Of *course* a rational darwinian explanation can totally account for
*anything* that's evolved. Does it thereby `support' it? In what sense
`support'? Does a rational account `support' the somewhat arbitrary colors
of one's inner organs? Not in the sense that we could predict the
equivalent hues inside an alien, but well, sure, sort of, except that word
is being forced to apply outside its environment of evolutionary
>It is not uncommon here for people to make really strong
>assertions that rationality/science/reason is completely and
>totally sufficient for any and all needs of human and higher
>beings now and forever.
I have the feeling that `spirituality'--as samantha is here deploying the
word--primarily denotes and connotes certain states of consciousness and
volition somewhat orthogonal to the frame of mind one enters when counting
the number of cows in the paddock, making sure not to get gored or to step
in cow shit, jotting down the numbers on a piece of paper, muttering
through some add-ups to see how many will need to be sold at market and how
much the feed will cost and what the weather looks like right now... by
which, I hope it's obvious, I mean to convey an image of *practical
reasoning*, functioning in the world.
Is doing higher-dimensional mathematics or writing a novel like this? To
some extent, although in those jobs one does tend to leave a fair bit of
the work to sub-processes or modules that are usually inaccessible to
scrutiny, the operation of which can occur with a sense of effort (or, if
you're lucky, bliss) but yields up its results as a flash of
`illumination', even a continuous stream of them.
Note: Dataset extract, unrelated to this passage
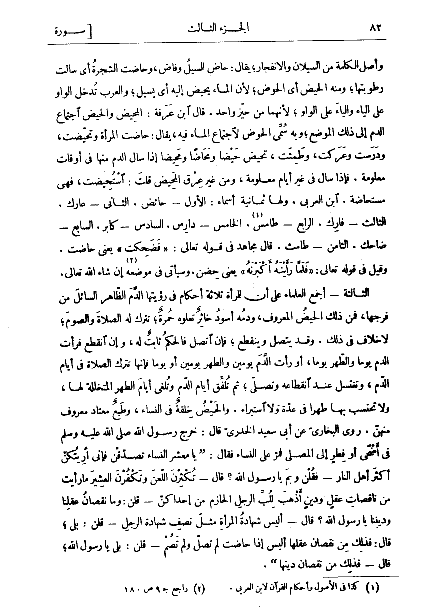 وَأَصْلُ الْكَلِمَةِ مِنَ السَّيَلَانِ وَالِانْفِجَارِ، يُقَالُ: حَاضَ السَّيْلُ وَفَاضَ، وَحَاضَتِ الشَّجَرَةُ أَيْ سَالَتْ رُطُوبَتُهَا، وَمِنْهُ الْحَيْضُ أَيِ الْحَوْضُ، لِأَنَّ الْمَاءَ يَحِيضُ إِلَيْهِ أَيْ يَسِيلُ، وَالْعَرَبُ تُدْخِلُ الْوَاوَ عَلَى الْيَاءِ وَالْيَاءَ عَلَى الْوَاوِ، لِأَنَّهُمَا مِنْ حَيِّزٍ وَاحِدٍ. قَالَ ابْنُ عَرَفَةَ: الْمَحِيضُ وَالْحَيْضُ اجْتِمَاعُ الدَّمِ إِلَى ذَلِكَ الْمَوْضِعِ، وَبِهِ سُمِّيَ الْحَوْضُ لِاجْتِمَاعِ الْمَاءِ فِيهِ، يُقَالُ: حَاضَتِ الْمَرْأَةُ وَتَحَيَّضَتْ، وَدَرَسَتْ وَعَرَكَتْ، وَطَمِثَتْ، تَحِيضُ حَيْضًا وَمَحَاضًا وَمَحِيضًا إِذَا سَالَ الدَّمُ مِنْهَا فِي أَوْقَاتٍ مَعْلُومَةٍ. فَإِذَا سَالَ فِي غَيْرِ أَيَّامٍ مَعْلُومَةٍ، وَمِنْ غَيْرِ عِرْقِ الْمَحِيضِ قُلْتُ: اسْتُحِيضَتْ، فَهِيَ مُسْتَحَاضَةٌ. ابْنُ الْعَرَبِيِّ. وَلَهَا ثَمَانِيَةُ أَسْمَاءٍ: الْأَوَّلُ- حَائِضٌ. الثَّانِي- عَارِكٌ. الثَّالِثُ- فَارِكٌ. الرَّابِعُ- طَامِسٌ «١». الْخَامِسُ دَارِسٌ. السَّادِسُ- كَابِرٌ. السَّابِعُ- ضَاحِكٌ. الثَّامِنُ- طَامِثٌ. قَالَ مُجَاهِدٌ فِي قَوْلِهِ تَعَالَى:" فَضَحِكَتْ" يَعْنِي حَاضَتْ. وَقِيلَ فِي قَوْلِهِ تَعَالَى:" فَلَمَّا رَأَيْنَهُ أَكْبَرْنَهُ" يَعْنِي حِضْنَ. وَسَيَأْتِي فِي مَوْضِعِهِ «٢» إِنْ شَاءَ اللَّهُ تَعَالَى. الثَّالِثَةُ- أَجْمَعَ الْعُلَمَاءُ عَلَى أَنَّ لِلْمَرْأَةِ ثَلَاثَةَ أَحْكَامٍ فِي رُؤْيَتِهَا الدَّمَ الظَّاهِرَ السَّائِلَ مِنْ فَرْجِهَا، فَمِنْ ذَلِكَ الْحَيْضُ الْمَعْرُوفُ، وَدَمُهُ أَسْوَدُ خَاثِرٌ تَعْلُوهُ حُمْرَةٌ، تُتْرَكُ لَهُ الصَّلَاةُ وَالصَّوْمُ، لَا خِلَافَ فِي ذَلِكَ. وَقَدْ يَتَّصِلُ وَيَنْقَطِعُ، فَإِنِ اتَّصَلَ فَالْحُكْمُ ثَابِتٌ لَهُ، وَإِنِ انْقَطَعَ فَرَأَتِ الدَّمَ يَوْمًا وَالطُّهْرَ يَوْمًا، أَوْ رَأَتِ الدَّمَ يَوْمَيْنِ وَالطُّهْرَ يَوْمَيْنِ أَوْ يَوْمًا فَإِنَّهَا تَتْرُكُ الصَّلَاةَ فِي أَيَّامِ الدَّمِ، وَتَغْتَسِلُ عِنْدَ انْقِطَاعِهِ وَتُصَلِّي، ثُمَّ تُلَفِّقُ أَيَّامَ الدَّمِ وَتُلْغِي أَيَّامَ الطُّهْرِ الْمُتَخَلِّلَةَ لَهَا، وَلَا تَحْتَسِبُ بِهَا طُهْرًا فِي عِدَّةٍ وَلَا اسْتِبْرَاءَ. وَالْحَيْضُ خِلْقَةٌ فِي النِّسَاءِ، وَطَبْعٌ مُعْتَادٌ مَعْرُوفٌ مِنْهُنَّ. رَوَى الْبُخَارِيُّ عَنْ أَبِي سَعِيدٍ الْخُدْرِيِّ قَالَ: خَرَجَ رَسُولُ اللَّهِ صَلَّى اللَّهُ عَلَيْهِ وَسَلَّمَ فِي أَضْحَى أَوْ فِطْرٍ إِلَى الْمُصَلَّى فَمَرَّ عَلَى النِّسَاءِ فَقَالَ:" يَا مَعْشَرَ النِّسَاءِ تَصَدَّقْنَ فَإِنِّي أُرِيتُكُنَّ أَكْثَرَ أَهْلِ النَّارِ- فَقُلْنَ وَبِمَ يَا رَسُولَ اللَّهِ؟ قَالَ- تُكْثِرْنَ اللَّعْنَ وَتَكْفُرْنَ الْعَشِيرَ مَا رَأَيْتُ مِنْ نَاقِصَاتِ عَقْلٍ وَدِينٍ أَذْهَبَ لِلُبِّ الرَّجُلِ الْحَازِمِ مِنْ إِحْدَاكُنَّ- قُلْنَ: وَمَا نُقْصَانُ عَقْلِنَا وَدِينِنَا يَا رَسُولَ اللَّهِ؟ قَالَ: أَلَيْسَ شَهَادَةُ الْمَرْأَةِ مِثْلَ نِصْفِ شَهَادَةِ الرَّجُلِ؟ قُلْنَ: بَلَى، قَالَ: فَذَلِكَ مِنْ نُقْصَانِ عَقْلِهَا أَلَيْسَ إِذَا حَاضَتْ لَمْ تُصَلِّ وَلَمْ تَصُمْ- قُلْنَ: بَلَى يَا رَسُولَ الله، قال- فذلك من نقصان دينها".

At this point I think we have reached functions that folk psychology might
dub `spiritual', because it long ago mistakenly theorized that such states
were a kind of `communication with the ineffable', or even with a `god'. If
all this, however crudely put, is so, then obviously anyone of any subtlety
will be well acquainted with the spiritual--but the more earth-bound and
`practical' and `no bullshit' one is forced to be, the less access one can
have to those processes. One might end up as Babbitt.
Spirituality without spirits, that's the way to go; consequently, as Emlyn
notes, it'd be useful to have a new or at least less
metaphysically-encrusted term than `spirituality'.